Detailed Introduction to the Functions of Ionic Infrared Thermometers
The infrared thermometer has an ionization chamber, and the artificial radioactive element used in the ionization chamber, Am 241 (Am241), has an intensity of about microcuries. Under normal circumstances, it is in equilibrium with an electric field. When smoke enters the ionization chamber, the positive and negative ions generated by ionization disturb the normal movement of charged particles. Under the effect of the electric field, they move towards the positive and negative electrodes respectively, disrupting the balance between the ionization chambers inside and outside, and causing changes in current and voltage. Ionic infrared thermometer is a device that senses the microcurrent changes of smoke particles through voltage changes caused by ionization chambers equivalent to smoke sensitive resistors. Then the microscopic manifestation is that the addition of equivalent resistance to the ionization chamber leads to an increase in voltage at both ends of the chamber, which is used to determine the smoke situation in the air.
The MTi-15 ion infrared thermometer uses trace amounts of artificial radioactive substance americium-241 internally. Because the thermometer body is covered by a metal shell, radiation will never leak and users can use it with confidence.
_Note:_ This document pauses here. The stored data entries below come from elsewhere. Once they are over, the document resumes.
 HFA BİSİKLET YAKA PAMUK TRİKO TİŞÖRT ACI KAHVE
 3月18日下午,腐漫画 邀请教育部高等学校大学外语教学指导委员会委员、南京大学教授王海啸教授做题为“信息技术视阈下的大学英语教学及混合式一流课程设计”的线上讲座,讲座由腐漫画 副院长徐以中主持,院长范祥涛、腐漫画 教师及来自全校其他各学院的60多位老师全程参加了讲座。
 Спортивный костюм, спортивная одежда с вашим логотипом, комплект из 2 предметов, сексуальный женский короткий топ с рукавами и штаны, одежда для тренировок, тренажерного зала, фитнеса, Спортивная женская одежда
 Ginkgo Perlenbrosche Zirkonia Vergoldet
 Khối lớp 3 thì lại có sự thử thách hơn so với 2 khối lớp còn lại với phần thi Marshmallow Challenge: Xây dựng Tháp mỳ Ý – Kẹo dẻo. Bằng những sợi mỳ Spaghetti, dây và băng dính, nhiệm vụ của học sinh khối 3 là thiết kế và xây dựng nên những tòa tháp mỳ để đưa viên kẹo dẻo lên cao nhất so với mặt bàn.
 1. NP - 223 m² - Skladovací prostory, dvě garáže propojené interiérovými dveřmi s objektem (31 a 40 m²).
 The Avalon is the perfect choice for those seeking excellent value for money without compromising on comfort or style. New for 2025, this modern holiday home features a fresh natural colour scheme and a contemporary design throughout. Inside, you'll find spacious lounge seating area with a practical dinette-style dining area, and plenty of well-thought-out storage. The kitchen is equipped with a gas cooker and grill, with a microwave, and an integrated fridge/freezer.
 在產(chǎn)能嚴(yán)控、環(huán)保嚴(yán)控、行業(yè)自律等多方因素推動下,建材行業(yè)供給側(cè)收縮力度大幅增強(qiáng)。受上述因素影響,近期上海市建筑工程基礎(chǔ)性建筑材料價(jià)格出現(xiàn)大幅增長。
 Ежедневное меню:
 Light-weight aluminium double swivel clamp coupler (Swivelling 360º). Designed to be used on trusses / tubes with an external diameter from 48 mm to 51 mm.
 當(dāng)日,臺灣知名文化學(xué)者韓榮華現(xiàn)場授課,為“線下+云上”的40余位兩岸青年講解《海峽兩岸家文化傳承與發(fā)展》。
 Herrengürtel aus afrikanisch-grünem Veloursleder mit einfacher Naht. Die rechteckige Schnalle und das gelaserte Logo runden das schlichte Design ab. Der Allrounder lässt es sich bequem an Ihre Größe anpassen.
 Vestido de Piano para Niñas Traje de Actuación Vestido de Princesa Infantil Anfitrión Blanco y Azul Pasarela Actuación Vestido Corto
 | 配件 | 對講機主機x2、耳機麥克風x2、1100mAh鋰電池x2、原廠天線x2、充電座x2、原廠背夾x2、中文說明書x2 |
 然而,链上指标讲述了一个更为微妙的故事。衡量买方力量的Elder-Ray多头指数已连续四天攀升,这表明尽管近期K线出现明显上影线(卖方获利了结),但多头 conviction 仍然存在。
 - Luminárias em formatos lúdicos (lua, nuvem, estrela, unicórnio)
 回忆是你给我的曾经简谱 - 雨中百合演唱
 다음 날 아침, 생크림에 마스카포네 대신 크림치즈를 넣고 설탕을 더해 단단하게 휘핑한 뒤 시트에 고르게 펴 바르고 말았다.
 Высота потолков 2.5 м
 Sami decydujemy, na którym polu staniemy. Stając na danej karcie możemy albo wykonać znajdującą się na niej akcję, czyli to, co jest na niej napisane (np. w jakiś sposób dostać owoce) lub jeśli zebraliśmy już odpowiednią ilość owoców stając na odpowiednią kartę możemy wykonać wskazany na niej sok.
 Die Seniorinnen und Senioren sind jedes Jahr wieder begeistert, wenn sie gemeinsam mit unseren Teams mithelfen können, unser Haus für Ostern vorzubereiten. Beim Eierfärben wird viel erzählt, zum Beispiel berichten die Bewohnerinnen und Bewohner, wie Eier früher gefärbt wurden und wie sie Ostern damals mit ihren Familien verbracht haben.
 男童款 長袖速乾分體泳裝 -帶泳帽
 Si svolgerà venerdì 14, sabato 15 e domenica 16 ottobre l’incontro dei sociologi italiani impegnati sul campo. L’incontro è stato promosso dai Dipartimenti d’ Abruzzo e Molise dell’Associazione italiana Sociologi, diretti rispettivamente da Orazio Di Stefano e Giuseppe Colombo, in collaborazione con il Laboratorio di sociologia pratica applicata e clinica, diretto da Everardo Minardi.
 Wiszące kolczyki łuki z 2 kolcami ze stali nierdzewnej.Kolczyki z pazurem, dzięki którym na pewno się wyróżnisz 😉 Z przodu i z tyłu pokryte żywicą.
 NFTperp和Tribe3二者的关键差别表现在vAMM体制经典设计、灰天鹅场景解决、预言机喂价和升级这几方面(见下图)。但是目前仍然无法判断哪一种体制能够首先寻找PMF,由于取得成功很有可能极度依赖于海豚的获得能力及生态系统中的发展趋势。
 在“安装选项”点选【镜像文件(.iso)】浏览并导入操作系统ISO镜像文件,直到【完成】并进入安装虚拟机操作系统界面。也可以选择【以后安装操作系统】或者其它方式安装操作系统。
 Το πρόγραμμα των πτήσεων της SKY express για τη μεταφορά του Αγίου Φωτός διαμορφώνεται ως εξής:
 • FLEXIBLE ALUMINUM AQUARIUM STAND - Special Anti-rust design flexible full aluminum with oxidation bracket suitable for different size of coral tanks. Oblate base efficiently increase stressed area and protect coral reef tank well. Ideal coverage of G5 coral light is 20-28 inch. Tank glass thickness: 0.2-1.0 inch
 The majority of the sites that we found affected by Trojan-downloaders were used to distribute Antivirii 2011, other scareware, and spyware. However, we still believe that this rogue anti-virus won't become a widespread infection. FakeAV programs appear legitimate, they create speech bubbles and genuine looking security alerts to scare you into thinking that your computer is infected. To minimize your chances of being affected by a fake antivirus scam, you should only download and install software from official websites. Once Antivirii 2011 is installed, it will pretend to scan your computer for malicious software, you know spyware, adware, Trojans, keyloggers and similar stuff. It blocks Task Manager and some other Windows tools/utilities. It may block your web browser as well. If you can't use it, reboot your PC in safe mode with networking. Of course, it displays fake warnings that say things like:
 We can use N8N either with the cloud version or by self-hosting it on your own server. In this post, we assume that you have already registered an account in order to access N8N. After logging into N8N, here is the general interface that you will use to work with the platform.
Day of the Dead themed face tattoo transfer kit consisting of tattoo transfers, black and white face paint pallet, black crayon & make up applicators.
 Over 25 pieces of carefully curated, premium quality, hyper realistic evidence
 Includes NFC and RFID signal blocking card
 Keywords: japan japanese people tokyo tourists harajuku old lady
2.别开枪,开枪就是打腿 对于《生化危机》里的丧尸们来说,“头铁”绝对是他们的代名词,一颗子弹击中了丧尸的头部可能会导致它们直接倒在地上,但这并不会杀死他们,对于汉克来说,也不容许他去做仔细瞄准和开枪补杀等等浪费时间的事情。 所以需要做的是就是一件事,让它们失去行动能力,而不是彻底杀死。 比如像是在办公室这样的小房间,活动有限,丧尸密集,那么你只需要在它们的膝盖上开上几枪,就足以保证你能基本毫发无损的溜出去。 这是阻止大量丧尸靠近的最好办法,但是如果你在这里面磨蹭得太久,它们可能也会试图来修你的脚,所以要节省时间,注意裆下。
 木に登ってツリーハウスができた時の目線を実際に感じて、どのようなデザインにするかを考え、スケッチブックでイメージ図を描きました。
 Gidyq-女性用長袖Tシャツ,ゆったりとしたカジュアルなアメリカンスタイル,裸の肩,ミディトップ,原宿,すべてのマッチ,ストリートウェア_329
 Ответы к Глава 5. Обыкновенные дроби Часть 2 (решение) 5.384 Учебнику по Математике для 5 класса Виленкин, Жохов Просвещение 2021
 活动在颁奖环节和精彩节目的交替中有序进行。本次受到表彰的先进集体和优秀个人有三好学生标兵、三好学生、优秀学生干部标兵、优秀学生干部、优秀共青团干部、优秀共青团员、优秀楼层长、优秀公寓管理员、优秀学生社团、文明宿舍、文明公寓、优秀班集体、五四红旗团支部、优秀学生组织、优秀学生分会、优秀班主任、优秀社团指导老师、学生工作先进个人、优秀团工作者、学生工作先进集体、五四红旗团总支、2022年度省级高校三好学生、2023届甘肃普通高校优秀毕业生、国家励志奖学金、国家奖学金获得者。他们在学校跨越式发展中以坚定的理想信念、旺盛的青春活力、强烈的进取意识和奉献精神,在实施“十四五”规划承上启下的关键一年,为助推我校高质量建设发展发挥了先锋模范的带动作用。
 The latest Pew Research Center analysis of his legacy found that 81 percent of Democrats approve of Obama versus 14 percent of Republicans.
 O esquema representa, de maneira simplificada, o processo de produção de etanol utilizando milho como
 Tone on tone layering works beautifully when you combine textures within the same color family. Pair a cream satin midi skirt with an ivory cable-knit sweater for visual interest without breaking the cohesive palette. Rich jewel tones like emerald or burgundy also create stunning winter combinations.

In addition, its radiation energy only uses 55% of NIS-09C, so countries that have restrictions on the use of radiation energy can also use it with confidence. Moreover, the foot equipment and output characteristics of this thermometer are interchangeable with products from other companies. The MTi-15 source chip uses low radiation energy and appropriately expands the ionization chamber, resulting in a more stable balanced voltage during moisture cleaning, greatly reducing false alarm rates. The MTi-15 ion infrared thermometer is an advanced and reliable thermometer, widely used in various fire alarm systems, with functions far superior to gas sensitive resistance fire alarms.
Comparison between photoelectric smoke alarm and ion infrared thermometer:
There is an optical maze inside the photoelectric smoke alarm, which is equipped with an infrared tube. When there is no smoke, the infrared receiving tube cannot receive the infrared light announced by the infrared emitting tube. When smoke enters the optical maze, it undergoes refraction and reflection, and the receiving tube receives the infrared light. The intelligent alarm circuit determines whether the threshold is exceeded, and if it exceeds the threshold, an alarm is announced. Ionic smoke detectors need to be more responsive to small smoke particles and can respond evenly to various types of smoke; The forward facing photoelectric smoke alarm is more responsive to slightly larger smoke particles, but less responsive to gray and black smoke. When a raging fire breaks out, there are more small particles of smoke in the air, while during smoldering, there are slightly larger smoke particles in the air. If a fire breaks out and a lot of fine particles of smoke are released, the ion smoke alarm will sound the alarm first than the photoelectric smoke alarm. These two types of smoke alarms are not very close in time, but the extension of such fires is extremely fast. It is recommended to install ion smoke alarms in such places. After another type of smoldering fire occurs, there are many slightly larger smoke particles, and the photoelectric smoke alarm will sound the alarm first than the ion smoke alarm. This type of place advocates installing photoelectric smoke alarms. If you want to combine the interests of both, you can install both types of smoke alarms in the area where they are needed.